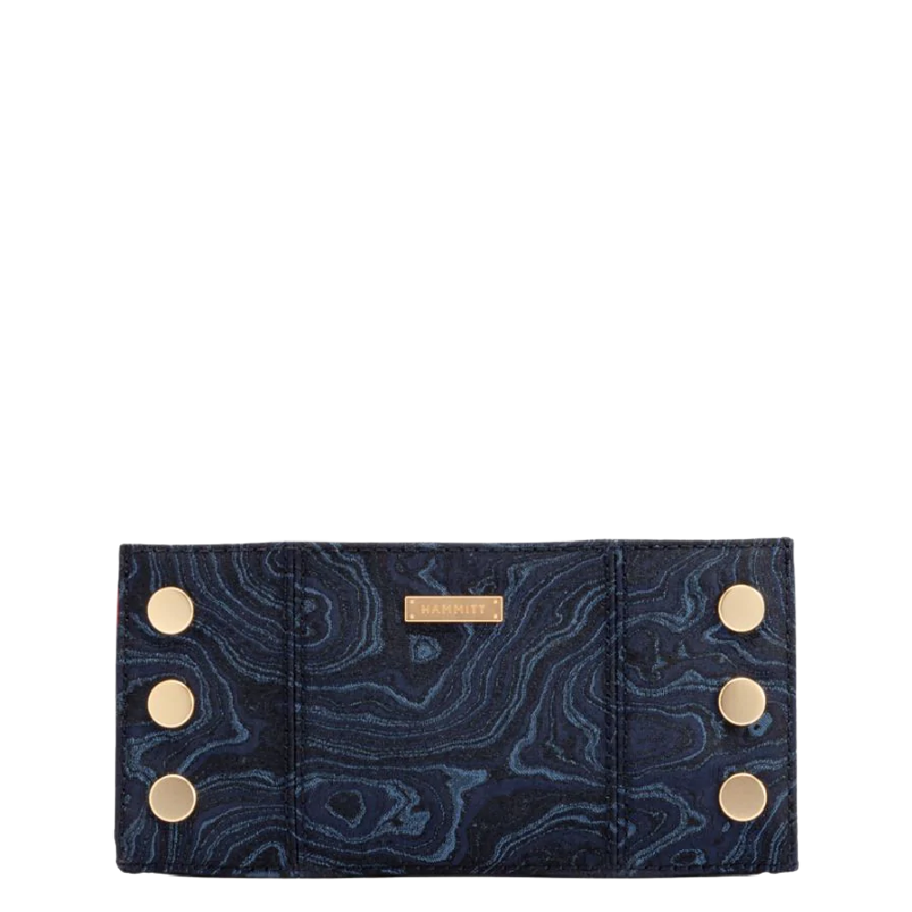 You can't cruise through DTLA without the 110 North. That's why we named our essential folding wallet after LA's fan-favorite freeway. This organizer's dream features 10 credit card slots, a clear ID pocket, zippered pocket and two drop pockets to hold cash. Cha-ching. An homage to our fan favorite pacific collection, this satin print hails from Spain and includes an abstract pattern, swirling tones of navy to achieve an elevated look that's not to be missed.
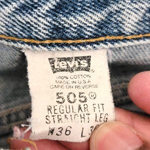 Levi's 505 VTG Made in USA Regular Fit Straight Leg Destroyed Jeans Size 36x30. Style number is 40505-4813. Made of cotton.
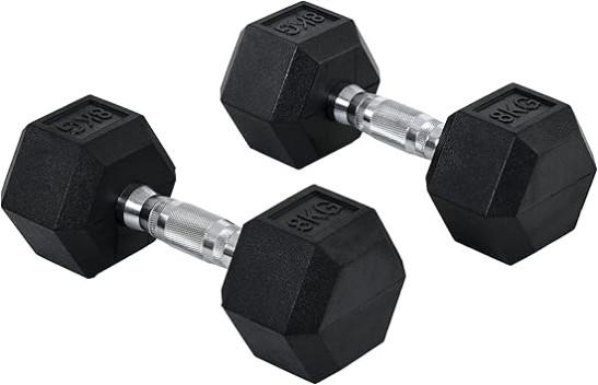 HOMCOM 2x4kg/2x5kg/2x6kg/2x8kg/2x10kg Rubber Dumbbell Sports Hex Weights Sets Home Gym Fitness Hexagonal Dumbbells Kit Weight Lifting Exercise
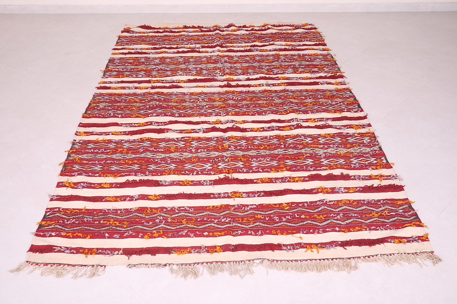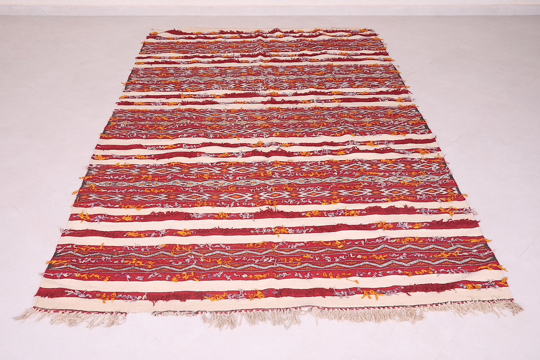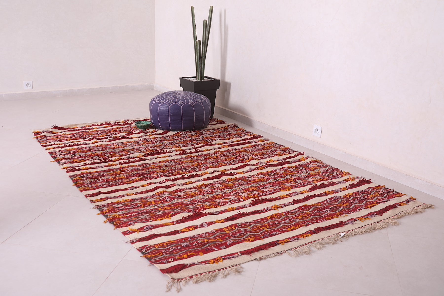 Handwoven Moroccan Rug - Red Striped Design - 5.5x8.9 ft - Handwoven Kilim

____

#### [What needs to be done]
Copy out every line of the data exactly, leaving the images behind.

#### [Solution to the problem]
 You can't cruise through DTLA without the 110 North. That's why we named our essential folding wallet after LA's fan-favorite freeway. This organizer's dream features 10 credit card slots, a clear ID pocket, zippered pocket and two drop pockets to hold cash. Cha-ching. An homage to our fan favorite pacific collection, this satin print hails from Spain and includes an abstract pattern, swirling tones of navy to achieve an elevated look that's not to be missed.
 Levi's 505 VTG Made in USA Regular Fit Straight Leg Destroyed Jeans Size 36x30. Style number is 40505-4813. Made of cotton.
 HOMCOM 2x4kg/2x5kg/2x6kg/2x8kg/2x10kg Rubber Dumbbell Sports Hex Weights Sets Home Gym Fitness Hexagonal Dumbbells Kit Weight Lifting Exercise
 Handwoven Moroccan Rug - Red Striped Design - 5.5x8.9 ft - Handwoven Kilim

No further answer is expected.